Yawn.
As far back as the 1990's Apple has always envisioned a completely touch dedicated device/s.
For creative, artistic work, the mouse/trackpad/trackballs have always been, arguably, the more diffucult input devices to use.
That is why a company like Wacom came along and why most artists use some form of electronic drawing tablet and stylus combination to be able to more freely express themselves artistically and digitally on a computer.
For more mundane things why is a mouse/trackpad more superior to actual physical touch or stylus touch on a computer screen?
Your argument about putting fingerprints on the screen is not really an argument, but personal preference.
Fingerprints do not really show up on a backlit computer screen.
They only show up when the screen as dark/asleep.
I am going to date myself here, but back in late 1970's to about mid 1980's or so, I worked on a mainframe computer/CAD system that used a wired (later infrared, “wireless” ) light pen stylus that you put onto and used right on a cathode ray comouter screen for drawing and for other types of text data input.
When Apple introduced the Macintosh and the mouse in 1984 ( the Apple Lisa actually had introduced the mouse first ), that is when many former computing input devices went the way of the Dodo and computer companies started to standardised on a mouse or mouse/digitiser combination.
At that time,there was a learning curve to using a mouse with the hand/eye coordination needed.
Using that light pen on an actual computer screen was more natural and far easier to understand and use on the computer screen and it was a pretty accurate pointing device at that time, too.
Apple is not going to change course on this issue any time soon!
It is already 11 years, now.

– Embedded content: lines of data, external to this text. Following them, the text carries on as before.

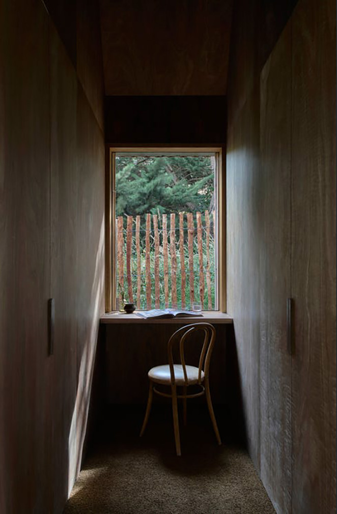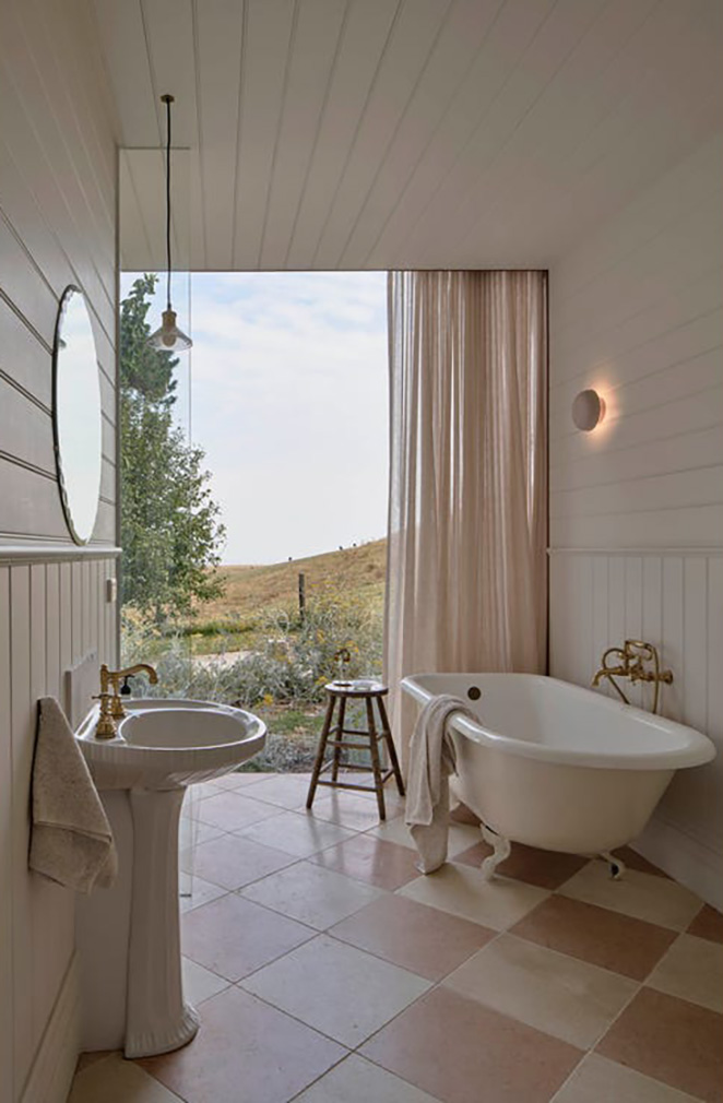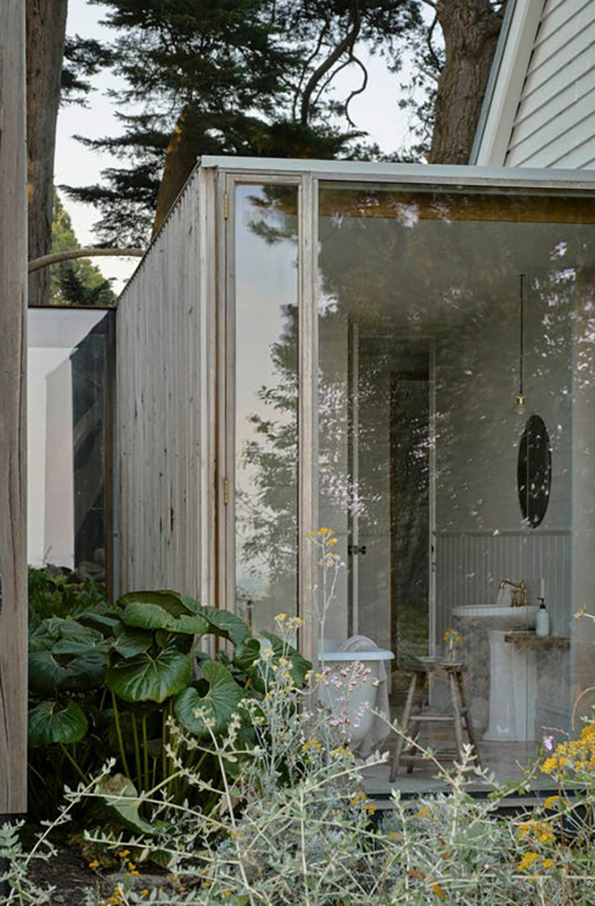 The extension introduces a bedroom, bathroom and smaller adjoining rooms. The bathroom combines a clawfoot bath and limestone finishes with a full-height window facing the landscape. The bedroom is lined in spotted gum, with a separate area used for reading or work.
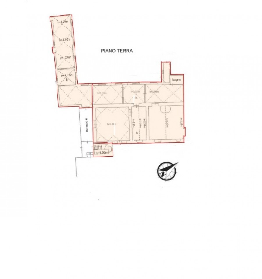 L´unità immobiliare si sviluppa su una superficie complessiva di 260 mq, di cui 80 mq già parzialmente ristrutturati e 180 mq da completare secondo le proprie esigenze. Gli spazi ampi, con soffitti alti tra i 3.70 e i 4.20 metri, conferiscono una sensazione di grande respiro, arricchiti da alcuni affreschi originali che ne raccontano la storia e l´eleganza. Gli interni, pur conservando le caratteristiche architettoniche d´epoca, offrono un grande potenziale per una ristrutturazione che possa fondere il fascino del passato con il comfort e le necessità moderne.
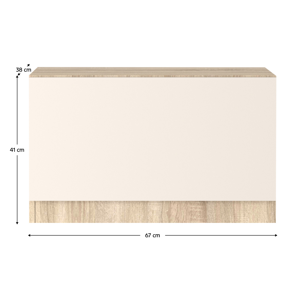 Materiál: laminovaná DTD Barva: dub sonoma/kašmír Rozměry (ŠxHxV): 67x38x41 cm Tloušťka materiálu DTD: 1,6-2,2 cm Nosnost vrchní desky: 35 kg Výklopná skříňka Police Nosnost police: 5 kg Plnovýsuvné kuličkové ložisko Hrana: papír impregnovaný termosetovými polymery Tloušťka DTD zadní strana: 0,3 cm Barva zadní strana: dub sonoma Bez úchytek Systém dotykového otevírání PUSH UP Plastové kluzáky Moderní design Dodáváno v demontu
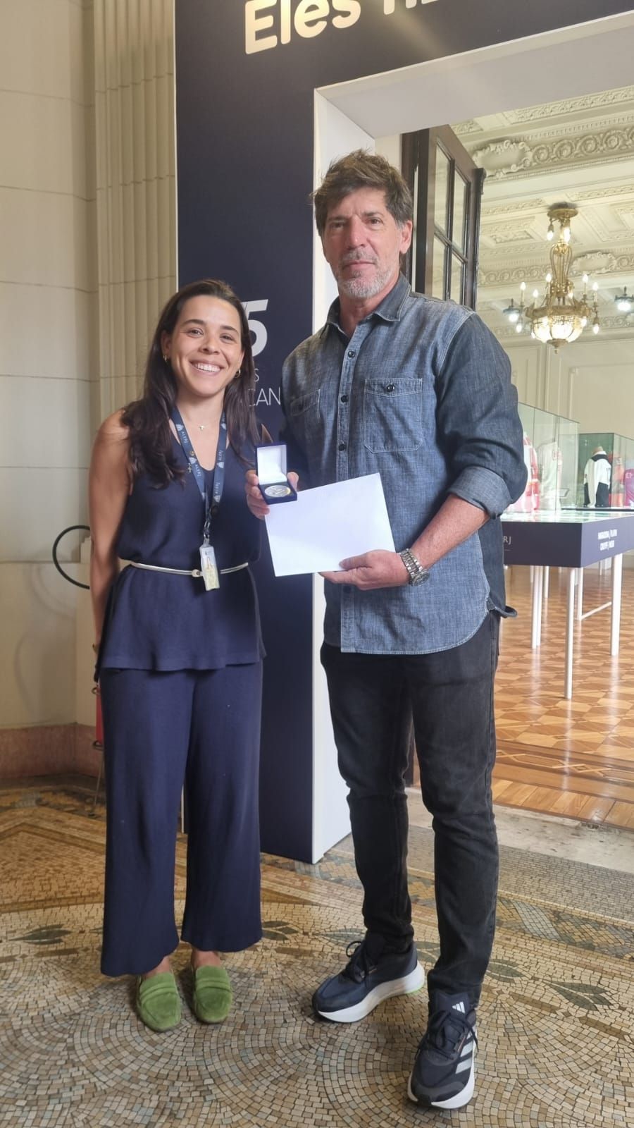Ex-jogador Wilson Gottardo visita "Exposição 75 anos do Maracanã”, no Palácio Tiradentes, sede histórica da Alerj, e recebe medalha comemorativa da representante da diretoria de Cultura, Giovanna Pampolini. Na ocasião, o ex-jogador autografou poster da equipe do Botafogo durante a primeira passagem pelo clube (1987–1990).
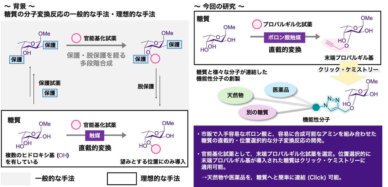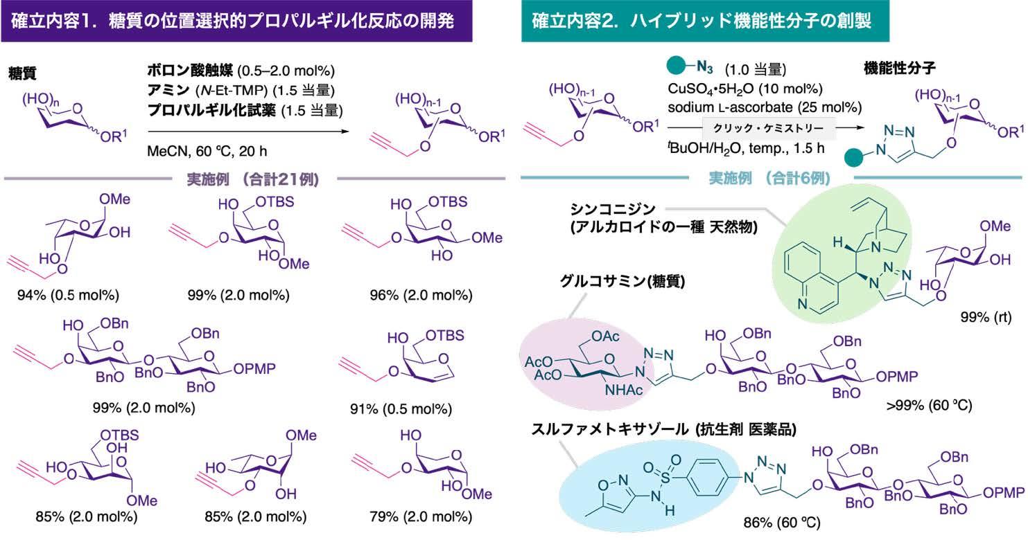 研究グループは,入手が容易で扱いやすいボロン酸触媒*2と,容易に調製可能なアミンを組み合わせることにより,狙ったヒドロキシ基だけを反応させて,末端プロバルギル基*3 と呼ばれるクリック・ケミストリー*4 へ容易に展開可能な官能基を導入することに成功しました。末端プロバルギル基を利用したクリック・ケミストリーの実験で,糖質同士の連結や糖質-医薬品ハイブリッド型機能性分子*5を創製することにも成功しました。

STILL no mice/trackpads/trackballs support.
These old school input devices WILL be going away at some near future date and I bet it will happen within the rest of my lifetime.

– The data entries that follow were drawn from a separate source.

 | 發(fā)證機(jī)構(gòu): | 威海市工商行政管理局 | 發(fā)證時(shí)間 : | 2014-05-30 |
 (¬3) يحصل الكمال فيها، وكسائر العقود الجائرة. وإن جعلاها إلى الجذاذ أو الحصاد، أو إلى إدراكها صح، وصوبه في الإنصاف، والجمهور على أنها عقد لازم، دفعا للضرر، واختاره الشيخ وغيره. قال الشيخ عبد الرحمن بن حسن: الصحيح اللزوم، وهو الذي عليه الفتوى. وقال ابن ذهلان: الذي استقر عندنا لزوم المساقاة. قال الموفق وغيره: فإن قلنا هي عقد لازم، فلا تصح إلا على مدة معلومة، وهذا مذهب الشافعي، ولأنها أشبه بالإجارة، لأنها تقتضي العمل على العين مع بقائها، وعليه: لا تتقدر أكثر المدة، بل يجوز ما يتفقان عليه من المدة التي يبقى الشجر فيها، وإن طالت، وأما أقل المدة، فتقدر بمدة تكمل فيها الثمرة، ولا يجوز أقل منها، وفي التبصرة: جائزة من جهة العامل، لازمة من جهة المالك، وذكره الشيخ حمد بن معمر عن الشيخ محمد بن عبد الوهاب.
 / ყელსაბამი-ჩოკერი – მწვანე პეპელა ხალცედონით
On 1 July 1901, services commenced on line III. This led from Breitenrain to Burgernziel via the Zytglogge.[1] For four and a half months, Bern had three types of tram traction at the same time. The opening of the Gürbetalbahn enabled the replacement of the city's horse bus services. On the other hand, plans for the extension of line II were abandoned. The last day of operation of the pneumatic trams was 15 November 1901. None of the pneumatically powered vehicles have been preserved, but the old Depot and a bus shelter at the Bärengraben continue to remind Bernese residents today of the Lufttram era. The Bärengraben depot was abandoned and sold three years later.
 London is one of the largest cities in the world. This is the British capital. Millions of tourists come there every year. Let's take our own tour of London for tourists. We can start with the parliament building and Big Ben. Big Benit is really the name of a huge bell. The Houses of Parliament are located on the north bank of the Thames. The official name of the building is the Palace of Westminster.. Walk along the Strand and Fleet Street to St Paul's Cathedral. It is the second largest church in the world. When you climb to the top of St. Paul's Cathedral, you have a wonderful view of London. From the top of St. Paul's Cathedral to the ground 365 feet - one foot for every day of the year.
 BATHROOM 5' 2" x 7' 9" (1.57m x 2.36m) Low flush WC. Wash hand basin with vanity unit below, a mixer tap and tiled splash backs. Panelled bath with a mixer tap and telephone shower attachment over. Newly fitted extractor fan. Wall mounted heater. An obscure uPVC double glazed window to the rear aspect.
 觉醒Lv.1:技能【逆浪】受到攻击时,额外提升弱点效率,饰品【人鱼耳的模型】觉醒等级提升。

And it will NOT be easy to implement mice/trackpad/trackball support now, as developers would have to modify their apps for touch/mice/trackpad/trackball support, as well.
You might as well just use a more powerful REAL computer with more power, more powerful full computer apps/programs that use all of these standard input devices.
OR
Sell your iPad and switch to a Microsoft Surface/Surface Pro product if you need a tablet computer with built-in stylus/ mice/trackpad/trackball support.
AND, Microsoft Surface products also included support for the Microsoft Surface Dial, as well.
It is bad enough that virtually most iPad users, for that last 8 YEARS are too lazy to learn how to type and input using iOS’s virtual software keyboard, which, BTW, has a very nifty built-in trackpad feature that works just super for everything that people posting/complaining here about external mouse/trackpad support, would want to do.